In this era of biosimilars, where various analytical platforms are used to demonstrate the similarity of the biosimilars to its originator, kinetic data comparison plays an important role in comparing the structural and functional similarities.

Materials and methods

Therapeutic antibodies

The originator samples of therapeutic antibodies (mAb1-i and mAb2-i) and the biosimilar mAbs (mAb1-B and mAb2-B1, B2, B3 – three batches), all with total protein concentrations 1 mg · mL−1, were supplied by a leading pharmaceutical company in India. Antigens against the therapeutic antibodies (Ag1 and Ag2) were procured from either Sino Biological Inc. (Beijing, People’s Republic of China) or Thermo Fisher Scientific (Waltham, MA, USA).

Ligand immobilization

The antigens Ag1 or Ag2 were immobilized as ligands on Series S Sensor Chip CM5 (GE Healthcare, Bio-Sciences AB, Uppsala, Sweden) using amine coupling method with the immobilization wizard template provided in the Biacore T200 control software.
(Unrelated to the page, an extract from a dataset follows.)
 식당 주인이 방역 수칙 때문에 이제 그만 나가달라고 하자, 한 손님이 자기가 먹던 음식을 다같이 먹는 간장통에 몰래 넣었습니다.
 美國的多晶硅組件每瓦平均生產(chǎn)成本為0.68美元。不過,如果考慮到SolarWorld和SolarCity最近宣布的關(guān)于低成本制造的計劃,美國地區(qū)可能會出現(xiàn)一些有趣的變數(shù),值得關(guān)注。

For both quantitation and kinetic evaluation, mAbs were used as analytes as shown in Figure 1. For this, the chip surface was first activated using a 1:1 mixture of 0.4 M EDC and 0.1 M NHS (GE Healthcare), followed by covalent linking of the desired antigen with the carboxymethyl groups of the Sensor chip CM5 surface. The antigens were immobilized at pH 5 using 10 mM sodium acetate buffer (GE Healthcare). The unused activated Sensor chip surface was blocked with 1 M ethanolamine (GE Healthcare). Due to the difference in immobilization levels required for concentration and kinetic analysis,18 different immobilization protocols were followed as illustrated in Table 1.
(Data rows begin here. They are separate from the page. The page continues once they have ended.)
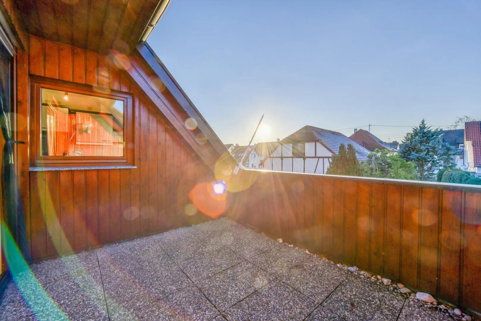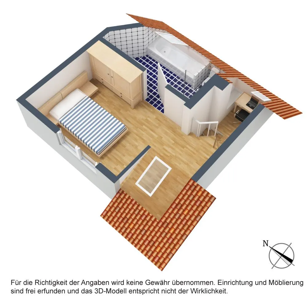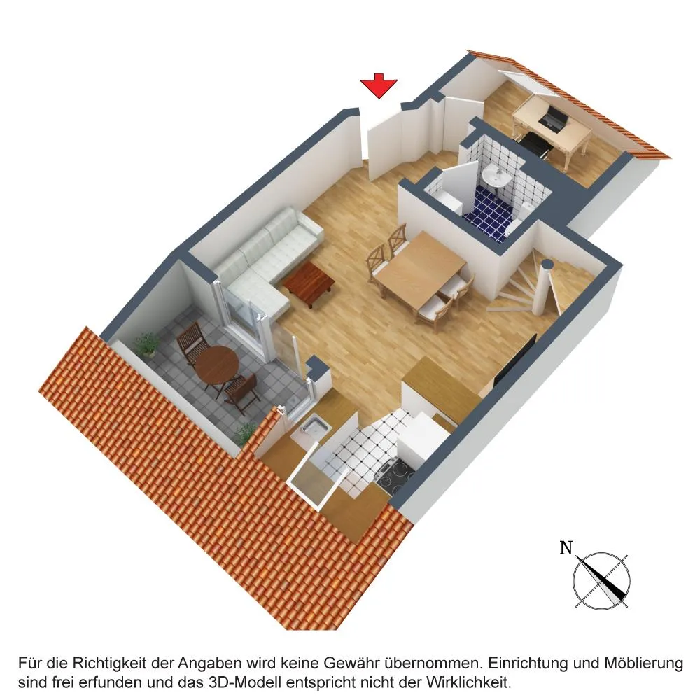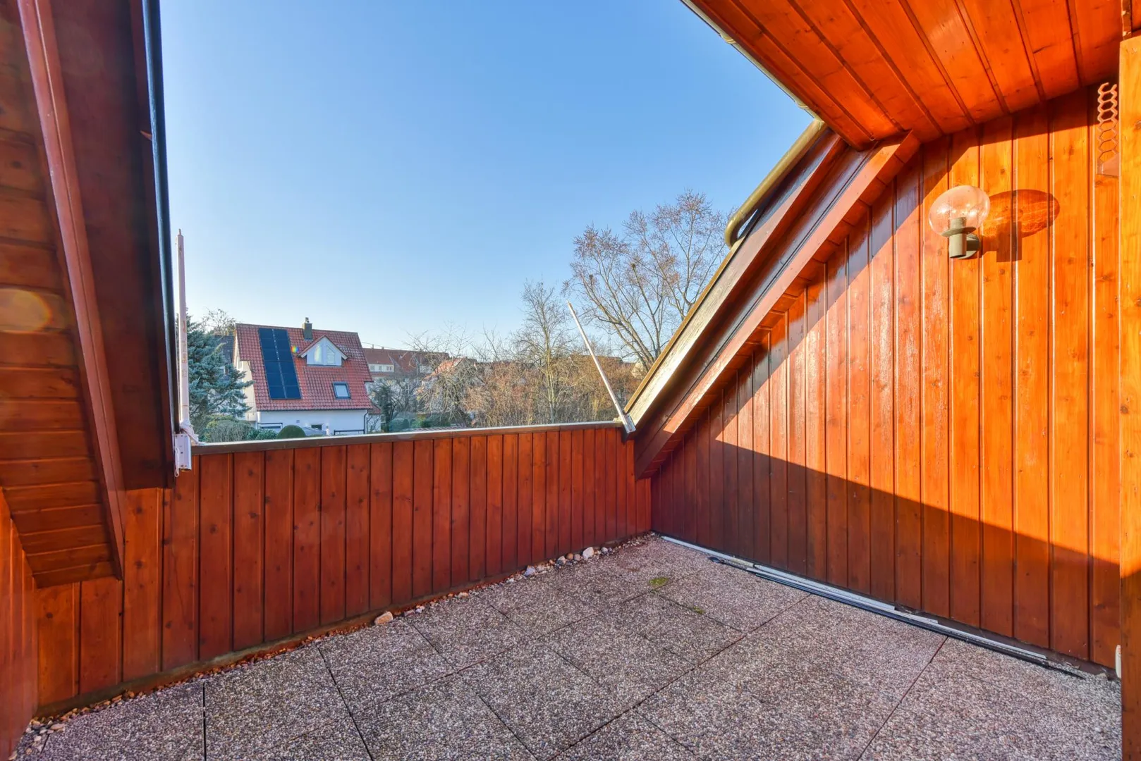 Der ca. 6,5 m² große Dacheinschnitt ist über den Wohnbereich begehbar.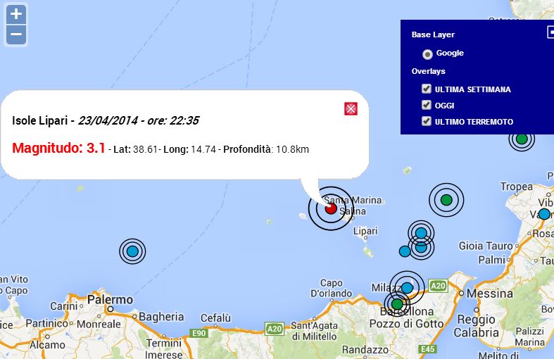 Terremoto oggi Sicilia, 23 luglio 2017: scossa M 2.5 .... Visualizzati terremoti da 1 a 30 dei 47 trovati (ordinamento tempo decrescente). Notizie sui terremoti in tempo reale, magnitudo dell'ultimo terremoto, epicentro del sisma, monitoraggio h24 con dati ingv, centro nazionale terremoti e usgs, centro internazionale. Notizie in tempo reale + elenco dei terremoti in atto con dettagli sull'epicentro del sisma e sulla magnitudo. Terremoti sicilia, sezione dedicata ai terremoti di oggi ed ultimi 7 giorni in sicilia aggiornata h24 con i dati ingv. La terra torna a tremare in sicilia dove oggi, poco prima delle 13:00 è stata avvertita una scossa di magnitudo 2.6 a 11 km a nord di ragalna, in provincia di catania. Www.siciliareporter.com alle 3.19 della notte, un'ulteriore scossa di magnitudo ml 4.8 è è avvenuto nella zona: Poco fa, alle ore 16:49 del 10 novembre, una scossa di terremoto si è verificata a troina, comune italiano di oltre 9mila abitanti della provincia di enna. Il gruppo di lavoro iside presso osservatorio nazionale terremoti ha beneficiato del contributo finanziario della. Una scossa di terremoto è stata avvertita questa notte da chi abita le province catanesi. La sicilia è una delle regioni più sismiche d'italia come frequenza e intensità dei terremoti. Pochi minuti fa è stata registrata una lieve scossa di terremoto nel settore orientale della sicilia, con epicentro in provincia di catania, proprio alle pendici dell'etna. Elenco dei terremoti in tempo reale in italia, europa e nel mondo. Aiutaci con le tue segnalazioni per identificare le zone colpite. Oggi, 8 marzo 2014, l'istituto nazionale di geofisica e vulcanologia di roma ha registrato una forte scossa di terremoto in sicilia nel distretto sismico dei monti nebrodi a messina. Cronologia degli eventi sismici disastrosi in sicilia con rilevante impatto sui beni architettonici, paesaggistici, storici, artistici, etnoantropologici e archeologici.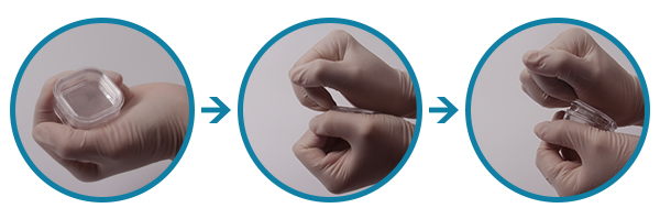 CPK-M-3816 操作方法 步骤 1: 一只手抓住盒子边缘 步骤 2: 另一只手抠住盖子边缘R角。 步骤 3: 打开盖子后将产品放入或取出。
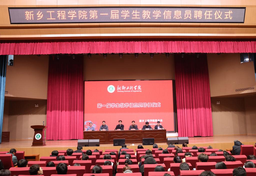 2月20日下午,我校在第一报告厅举行学生教学信息员聘任仪式。副校长赵一鹏、校长助理杜灵来、教务处、学工部、招生就业处及各学院相关负责人员、全体学生教学信息员共460余人参加。会议由教务处副处长王秀鸽主持。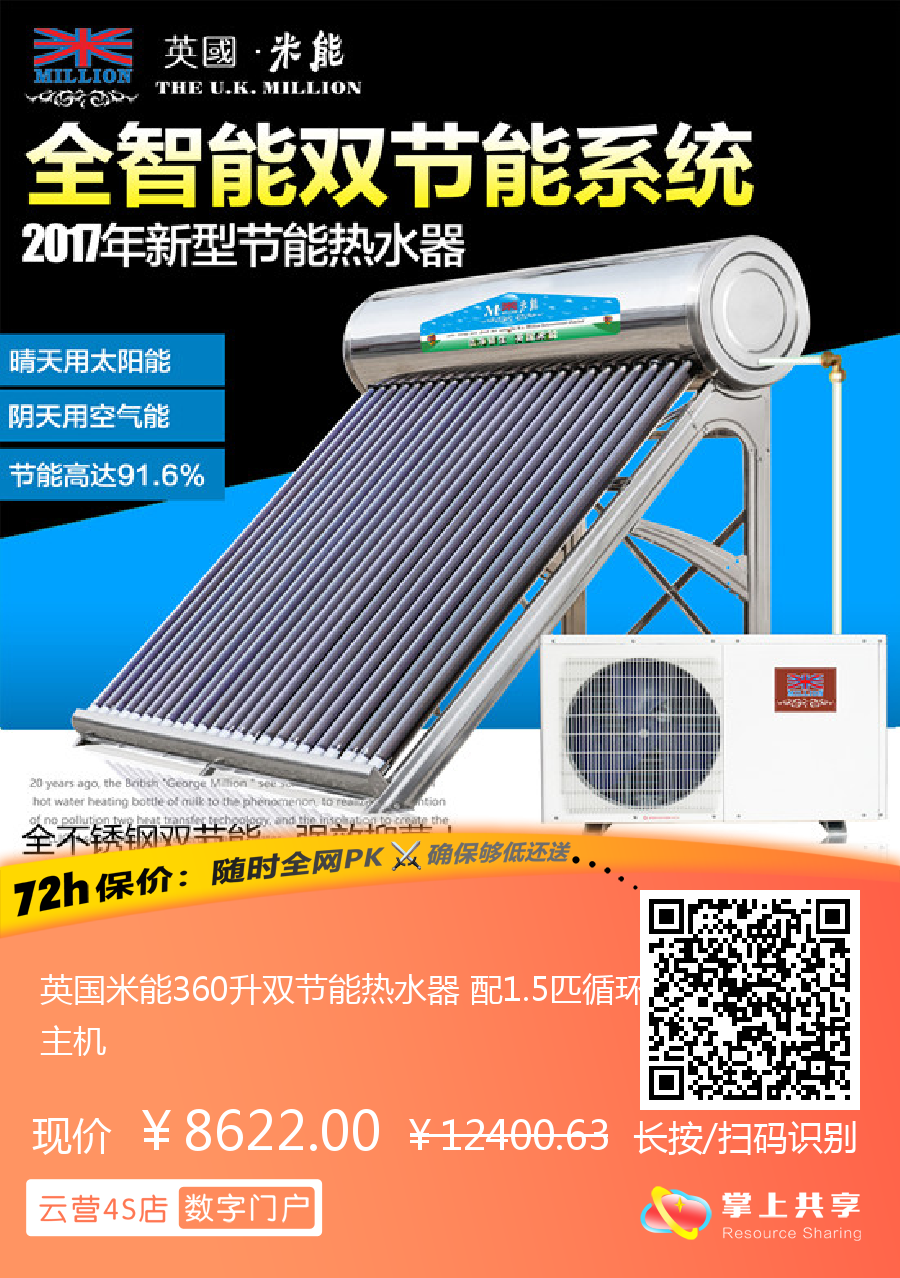 英国米能360升双节能热水器 配1.5匹循环主机

Figure 1 Biacore T200 experimental setup.
Notes: Antigens (Ag1 or Ag2) were immobilized on Sensor chip CM5 using amine coupling method for both concentration analysis and kinetic evaluation of monoclonal antibodies.

Table 1 Ligand immobilization
Notes: High-density immobilization (4,000–10,000 RU) was performed for concentration analysis and very low-density immobilization (to obtain maximum binding capacity Rmax of ~4–5 RU) was used for kinetic analysis. *Indicates a 1:1 mixture of 0.4 M EDC and 0.1 M NHS.
Abbreviations: RU, response unit; Rmax, maximum binding capacity of the surface.
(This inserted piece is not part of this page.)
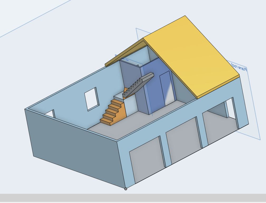 A little playing trying to figureout what to do about stairs....I think I got it. As shown the last step is up onto the the floor upstairs. Because I already butied plumbing in the concete the bathroom wall needs to stay where it is, which means the stairs come up about 1 foot from the end wall....not too bad and it needs a little space for a door anyway. Also because of head room I can't come right to the outer edge of the floor, I need to be 16" into the room......again not too bad. I only need to cut 1 truss which is good. It shortens the middle bay by 3ft and the front of the landing is 4.5ft so a car will easily drive right up to it. I can put the floor heat stuff under the landing.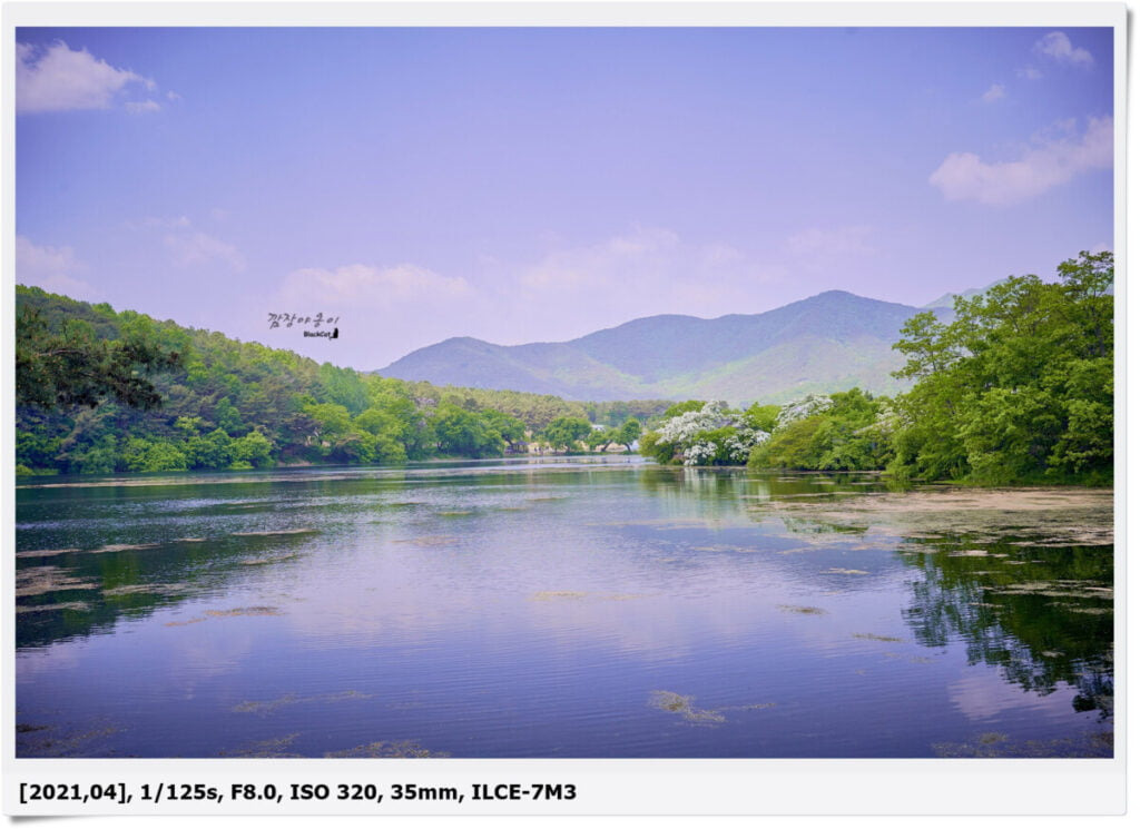 밀양팔경 중 한곳으로 못의 중앙에 있는 집이 있는 작은섬 주위로 하얀 꽃이 피는 이팝나무가 유명한 곳입니다. 꽃은 5~6월이 절정이지만 개화시기가 2주정도라 타이밍을 잘 맞춰가야 멋진 하얀 눈송이로 뒤덮힌 5월의 크리스마스를 볼 수 있답니다.

Calibration-free concentration analysis

CFCA was performed using a Biacore T200 (GE Healthcare) to determine the active concentration of the mAbs. Experimental setup was done using the Biacore T200 control software method, and an unmodified Sensor chip surface was used as reference. CFCA was performed in duplicate by running two dilutions of mAbs typically ranging from 500× to 5,000× in HBS-EP+ buffer (GE Healthcare), and each dilution was run at two flow rates: 5 μL · min−1 and 100 μL · min−1. The diffusion coefficient of mAbs was estimated using an online tool to calculate diffusion coefficient based on its molecular weight and shape. The active concentrations were then evaluated using the Biacore T200 analysis software (Figure 2).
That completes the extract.